Unfortunately, other countries throw up numerous barriers to our 
exports.
  President Trump and Ambassador Lighthizer are working to correct 
these injustices. I intend to assist them in this fight, with the 
understanding that creating market barriers of our own, like tariffs, 
is not a long-term solution.
  One of the top issues Congress needs to address next year is 
implementation of the recently signed United States-Mexico-Canada 
agreement, which updates NAFTA for the modern economy.
  The new trade deal with Mexico and Canada make significant updates to 
the original NAFTA, with new sections on digital trade, currency 
manipulation, and State-owned enterprises. It goes further than any 
other trade agreement in protecting intellectual property rights and 
makes important changes to market access for agricultural products.

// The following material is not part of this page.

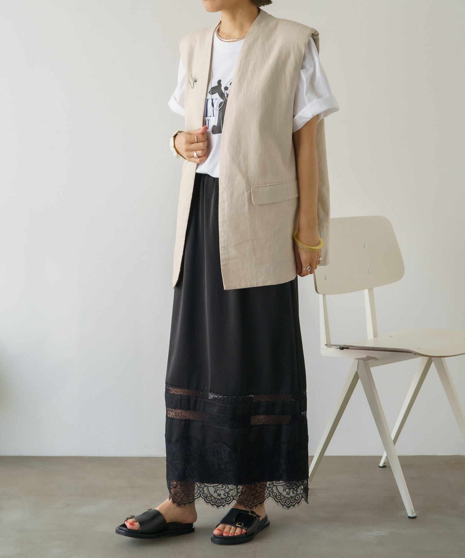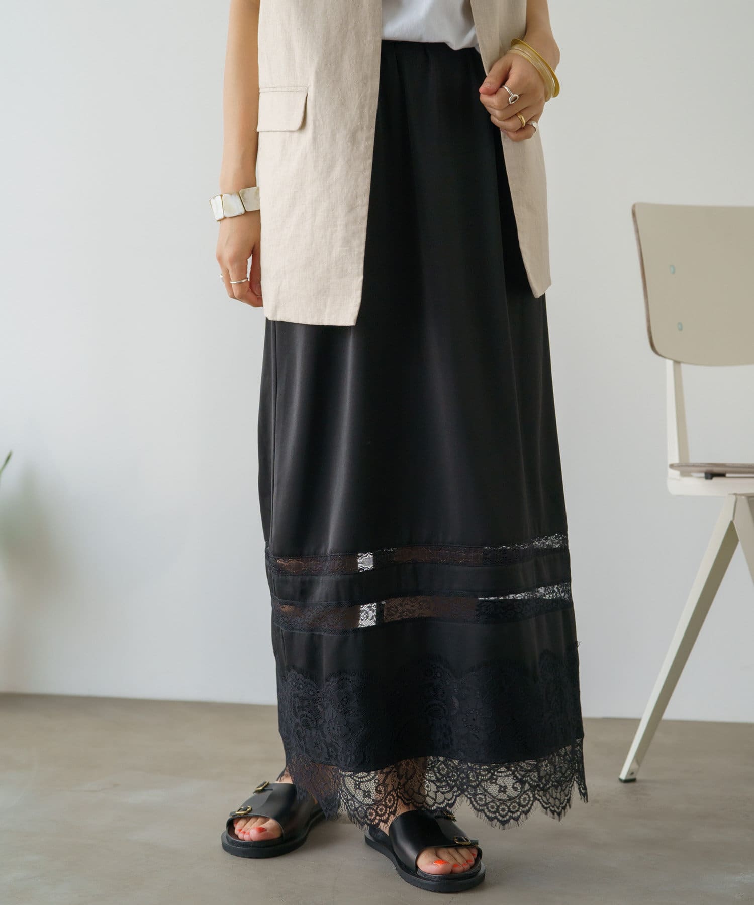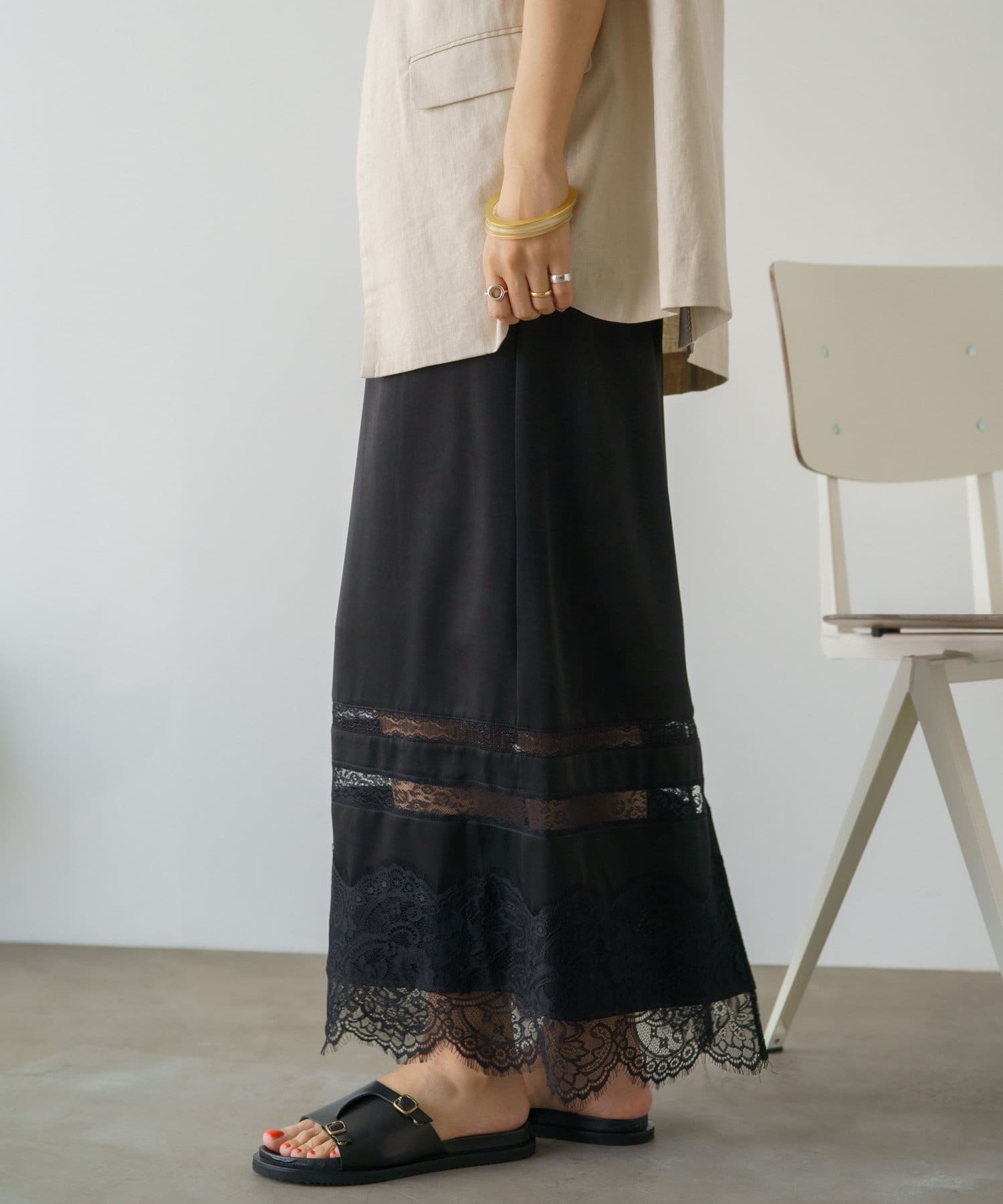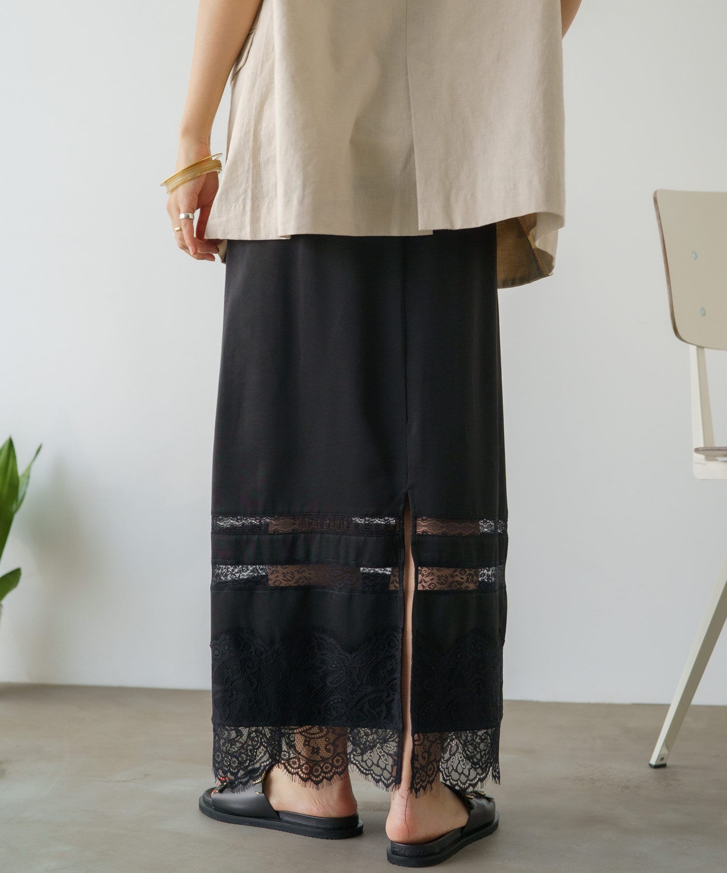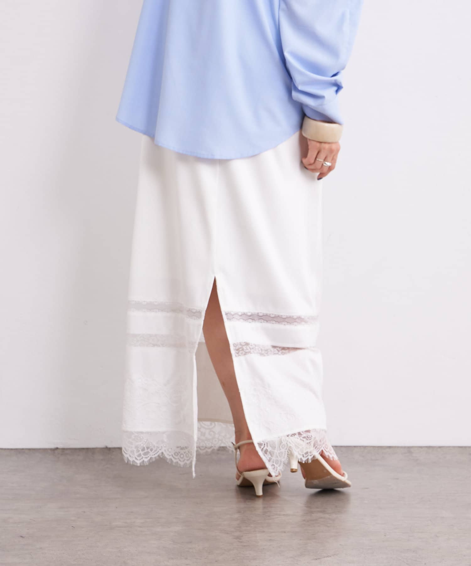 ・裾のレース使いがポイントになること間違いなしのタイトスカートです。

  While I commend the President for following through on his promise to 
renegotiate NAFTA, there are a few areas of concern. Those concerns go 
beyond just the Canada-Mexico agreement. As long as 232 tariffs on 
steel and aluminum imports from Canada and Mexico remain, the U.S. 
farmers and others facing retaliation, along with the American 
businesses that rely on those imports, will be unable to realize the 
full potential benefits of the United States-Mexico-Canada agreement.
  This is why I urge the administration to consult with Congress, as 
intended by the trade promotion authority, to ensure a clear path 
forward for the United States-Mexico-Canada agreement.
  I intend to work with members of the Finance Committee and, of 
course, with the Senate leadership to move the United States-Mexico-
Canada agreement quickly in the new Congress as soon as the President 
submits it. But I can't do it without a strong commitment from the 
administration that we will work together.
  The Constitution tasks Congress with the authority to regulate trade 
with foreign countries. We collectively--meaning the President and 
Congress--have a responsibility to ensure that U.S. farmers, ranchers, 
and businesses face minimal uncertainty from the updating of the United 
States-Mexico-Canada agreement.
  Building on the success of this new agreement, we must continue to 
play offense and pursue new market access opportunities. That is why I 
am happy the administration is pursuing new agreements with Japan, the 
European Union, and the United Kingdom. The economies of those 
countries account for 27 percent of global GDP. Having more access to 
those markets will help U.S. farmers, ranchers, and businesses for 
generations to come.

  I expect the agreement with the European Union and with the UK, when 
ready, to address agriculture. There is some talk that the Europeans 
don't want to talk about making any agreements on agriculture. The 
notion that some people in the EU think there could be an agreement 
that doesn't address the many ways they block our good agricultural 
products from being sold in Europe is outright ridiculous.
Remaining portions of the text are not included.